WHAT WE GOT: Pollo con Chorizo ($10), which we had tried in our on-premises review shortly after the restaurant opened in the River Market last year: chicken breasts, flat-pounded and surprisingly moist, tastily topped with the house chorizo, which has a nice kick but is reasonably mild, and a queso that was thicker on the dine-in version. That also came with mushrooms, which we didn't find on this version but didn't miss; on the side we got a clump of fairly flavorful cilantro rice and firm charro beans in a sort of soupy broth. The house "newsprint" wrapped three flour tortillas.

HOW IT WENT: We placed our order by phone with a gentleman whom we had to prompt to give him our pickup name. That probably should have been a tipoff. He didn't bother to tell us that the pickup entrance is on the rear patio; the front door is locked and we made at least two stops at locked-fence entrances on our pickup odyssey before we found the right spot. Our order was, however, ready on time; we paid for it on the premises.

HOW IT'S GOING: A handful of other lunchers were waiting to pay and pick up when we got there.

• KEMURI SUSHI SEAFOOD ROBATA, 2601 Kavanaugh Blvd., Little Rock, (501) 660-4100; kemurirestaurant.com; facebook.com/kemurirobata

WHAT WE GOT: Edamame with smoked salt and garlic ($6) and Tuna Tataki ($18). Kemuri was pretty good when Jerry Barakat sold it about 15 months ago to a couple of doctors, who, though they themselves had no restaurant-operating experience, knew and loved this restaurant and also knew to hire the best people to help run it, joining the best people who were already there. We'd like to personally thank sushi chef Haidar Assegaf for the tuna tataki, something we had not previously tried here — it's on the list of sushi-bar starters, not on main menu — and which turned out to be a real treat. We got several slices of pepper-crusted tuna, accompanied by a cake of seasoned sushi rice topped with a layer of blue crab meat and garnished with avocado, with a little cup of Asian chile sauce. That added an additional kick to the very lively pepper crust on the fish and also to the crab-meat-and-rice side. We're big fans of edamame (that's soybeans steamed in the shell) and the smoked salt-garlic dusting on this one gave it a whole new taste dimension.

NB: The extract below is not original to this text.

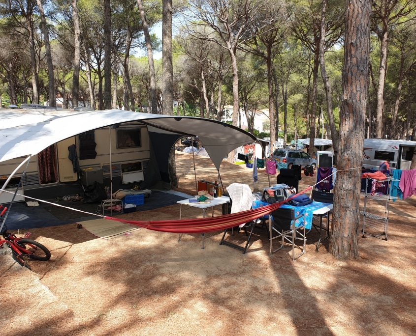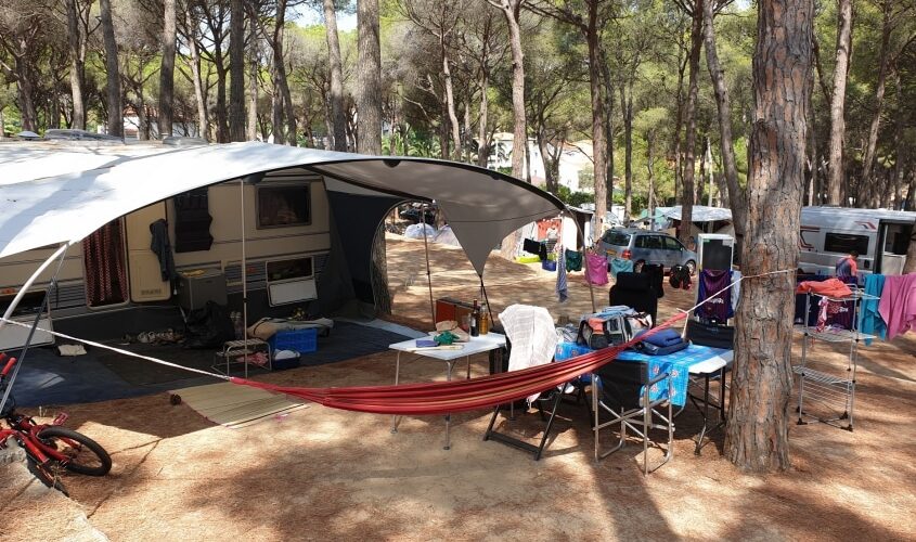 We zijn ruime Franse plekken gewend, dus het was even slikken toen we het lange, smalle én schuine plaatsje zagen dat ons was toegewezen. Het kostte bloed, zweet en tranen om ons reispaleis er te parkeren. Gelukkig hadden we uiteindelijk zelfs nog plek voor de hangmat!

HOW IT WENT: Kemuri now takes orders only outside the restaurant, over the phone (preferred) or at the front door, where a menu rests upon a service table; you can pay in advance or on-site. A server, masked and gloved, dashes in and out of the front door, carrying orders in black plastic bags to customers waiting in cars or, while maintaining as much social distancing as is practical, the occasional person who walks up to the front of the restaurant. Our phone order was ready in the time promised, though we had a short wait for it based entirely on busy-ness of the single server, and since it was sushi-based, we didn't worry whether it would still be hot when we got it home.

HOW IT'S GOING: On a recent weekend evening, there was no time during our short wait for our order when there was not at least a half-dozen cars lined up along the 2600 block of Kavanaugh Boulevard.